Estimates of future net revenues from our proved reserves, Standardized Measure and PV-10 (PV-10 is a non-GAAP measure defined below), as of December 31, 2017, 2016 and 2015 are made in accordance with SEC criteria, which is based on the preceding 12-months' average adjusted price after differentials based on closing prices on the first business day of each month, (excluding the effects of hedging) and are held constant for that year's reserves calculation throughout the life of the properties, except where such guidelines permit alternate treatment, including, in the case of natural gas contracts, the use of fixed and determinable contractual price escalations. We have interests in certain tracts that are estimated to have additional hydrocarbon reserves that cannot be classified as proved and are not reflected in the following tables.

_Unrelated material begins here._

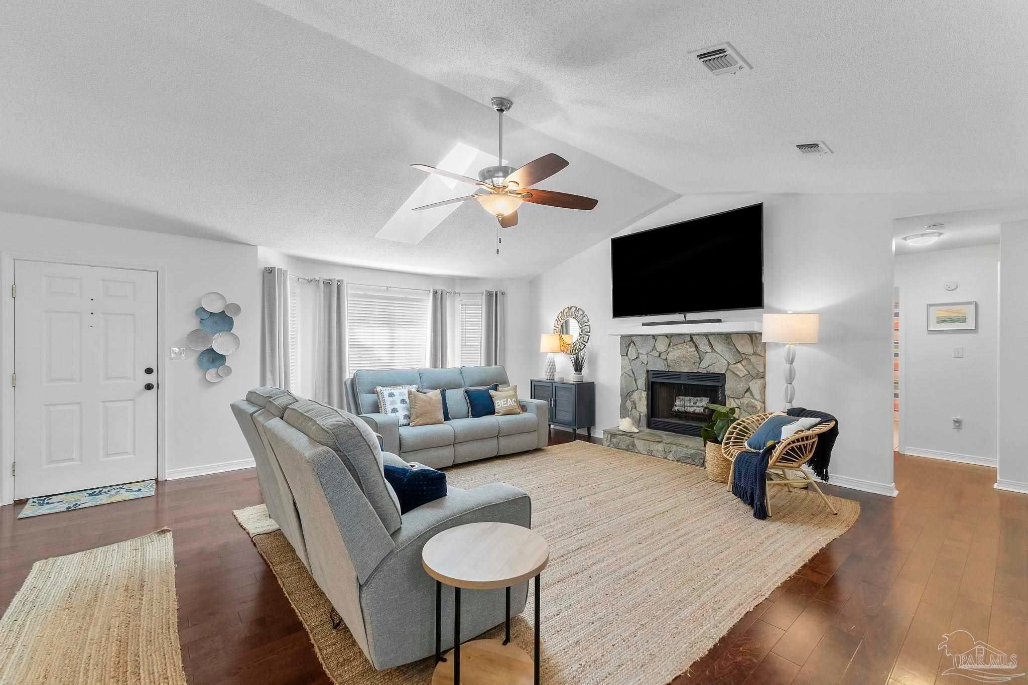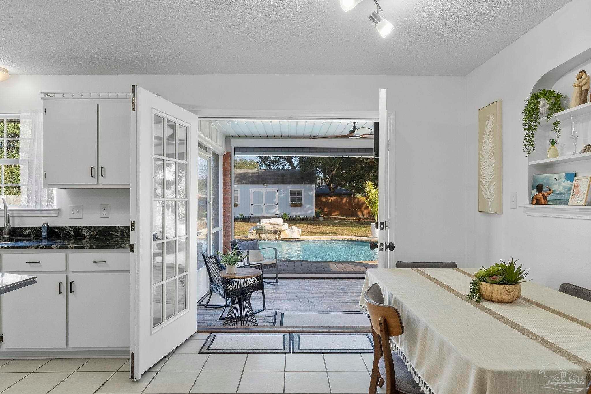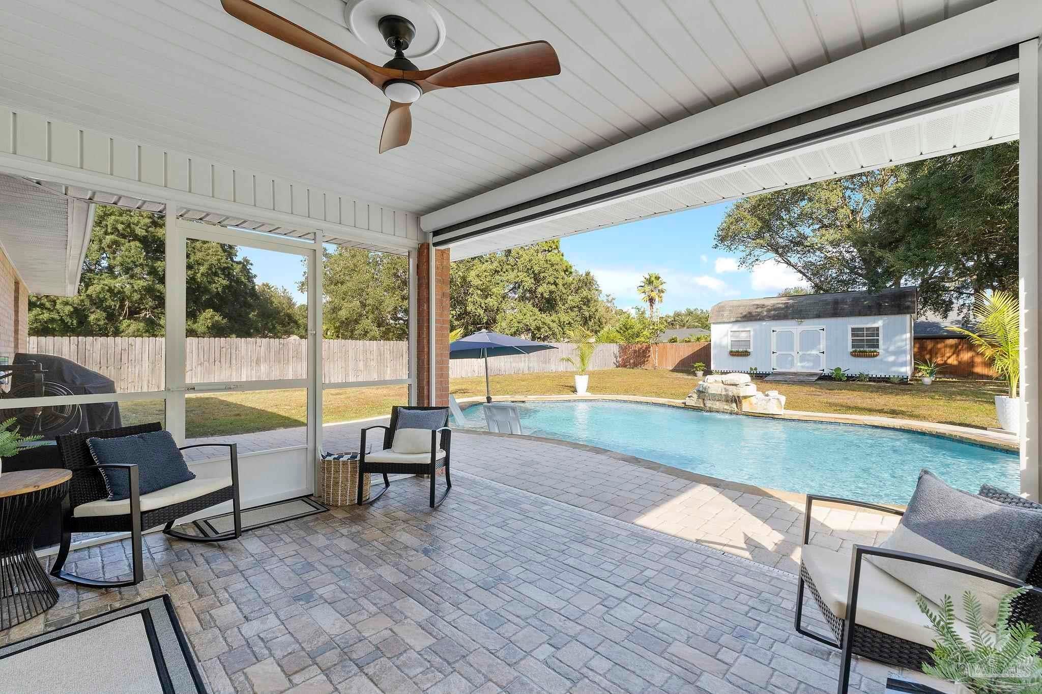 Pool home located just minutes to the beautiful emerald coast of Florida! Tall ceilings with skylights brings natural light in throughout. The kitchen offers granite counter tops and stainless steel appliances. There are double doors leading you to your screened in porch that offers a motorized screen that you can leave up for the view or down. Step out to your stylish gunite pool with a waterfall fountain, a built in ledge, and seating great for entertaining! Prestige Landscapes designed and installed a stylish landscape design with 3 boulders and lights highlighting the palm trees and landscape made to come on from dusk to dawn! Not to mention the front and back yard have timed irrigation. Also included in this beauty is a 24x14 shed with extra storage shelves above and a window ac unit that includes heat. There’s plenty of parking with a side parking pad and a double gate large enough to park your boat! If you’re looking for a home with a pool, look no further! Just imagine opening your double doors leading you to a covered screened in porch while listening to the waterfall from your pool throughout the inside of your house! It is so tranquil… Located in Holley by the Sea offering fitness center, boat launch, pier to sound and more! (Sellers are license FL real estate agents.)

The following prices are used to estimate our SEC proved reserve volumes, year-end Standardized Measure and PV-10. The 12-month 2017 average adjusted prices after differentials were $2.95 per Mcf of natural gas, $50.38 per barrel of oil, and $20.32 per barrel of NGL, compared to $2.43 per Mcf of natural gas, $41.07 per barrel of oil, and $16.13 per barrel of NGL for 2016 and $2.61 per Mcf of natural gas, $49.58 per barrel of oil, and $14.64 per barrel of NGL for 2015.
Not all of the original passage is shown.